Para esbozar un perfil de Olga necesitaría más de diez mil palabras, o varias imágenes que solo conservo en la retina. Sin duda, fue una de las personas más creativas, locas y divertidas de la Valencia noventera y de principios del siglo XXI. Una etapa de modernidad a la que Olga no quiso poner límites. Su vida era creatividad y arte. Regentaba un pequeño local en la calle Juristas, al que denominó Nou Pernil Dolç (Nueva York traducido mal al valenciano, o algo así). Y desde allí cambió el mundo, nuestro mundo pequeño y visible; el único que podemos ver cambiar.

Frecuentaba a la hora del desayuno (de su desayuno, a las 12.30pm, o a las 14.00pm, depende del día) el Cafetín, un local entrañable del barrio de El Carmen. En aquel momento te atendía un camarero guapo y esbelto de Europa del Este, Rafau. Y Olga siempre estaba en la puerta, como una estampa tridimensional, acariciando a los perros que pasaban a su lado y saludando a la gente que desconocía. No le incomodaba establecer conversación con nadie, era una persona absolutamente moderna y abierta a las comunicaciones más insensatas. La sinceridad del agua con misterio.
Su aspecto, techno-travesti, punky-folk, muy DIY y completamente divertido, impactaba al primer golpe de vista. Por recordar algo, recuerdo un bolso cruzado cuya cinta estaba hecha con una banda de fallera, con todas sus pasamanerías, que remataban un cierre en abanico de nácar, troquelado y barroco. También recuerdo varios pares de gafas de cristal imposible y montura de ficción, que seguramente le acercaban a una realidad mucho mejor. Y siempre lucía algún tipo de gorro, sombrero o tocado, como la gente elegante; bien puesta de todo. Sus piernas, que guardaba idénticas a las de la bailarina que fue, lucían mallas, lycras y medias fantasía sin parar.

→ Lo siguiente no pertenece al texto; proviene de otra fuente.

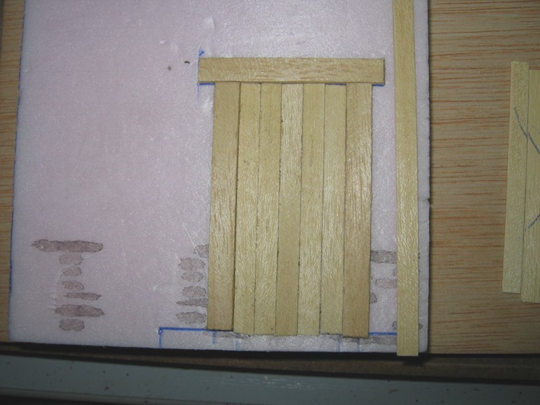 Para el marco de la puerta he utilizado tabla de 8 x 1 mm y para la tablazón de la puerta de 5 x 0,5 mm esta última conseguida del nº 1 coleccionable del Santísima Trinidad. Todo esta pegado con adhesivo de contacto. la puerta propiamente dicha esta hecha de 5 maderas de 0,5 total 2,5 de ancho, he dejado algo mas de espacio en el marco y así separar un poco las tablas para que se vean mejor al llenarse los huecos con el tinte. veris que hay un juego de las tablas marcado con una X, esto es para afinar los cantos de las tablas de otro lado y pegar el lado marcado.

La primera vez que entré al Nou Pernil quedé asombrado y enamorado del espacio. Es un elogio al síndrome de Diógenes, pero con el sentido del esteticismo barroco perdurable. Lo más llamativo es que la siguiente vez que entrabas, varios meses después, todo era diferente, todo estaba cambiado, o quizá era yo, que no recordaba la montaña de objetos que emanaban del suelo, las paredes y colgaban de sus lámparas. Era, y sigue siendo (gracias a la actual regencia de Rafau), un universo aparte, en el que cualquier persona creativa se siente inspirada y serena.
Aquella primera vez me pedí una cerveza y se cobró con 5 euros. Me acerqué con unos amigos a un rincón apetecible, oscuro, infinito de trastos y tesoros. Y ella vino detrás, haciendo gala de sus buenas maneras como anfitriona, retirándome abrigo y bufanda. Al intentar desplazar una silla confrontada a la mesa, me recomendó con vehemencia que no lo hiciera; que allí todo estaba colocado para ser lo más confortable posible, y que dedicaba con cariño parte de su tiempo a ubicar las cosas en el sitio que debían estar. Así que me tuve que sentar a horcajadas y disfruté mucho mejor.

Olga apareció cadáver una mañana rara y extrañamente fría de noviembre de 2008. Su última acción conocida había sido abrir el candado de su local. Con 57 años de vida y arte a sus espaldas, dejó reconocimientos en varios continentes, imágenes sobre el escenario con grandes como Lindsay Kemp, y una arrogancia artística que marcaba un halo de excentricidad y frivolidad tan necesaria como su presencia, en un barrio que desde entonces está—un poco más— huérfano.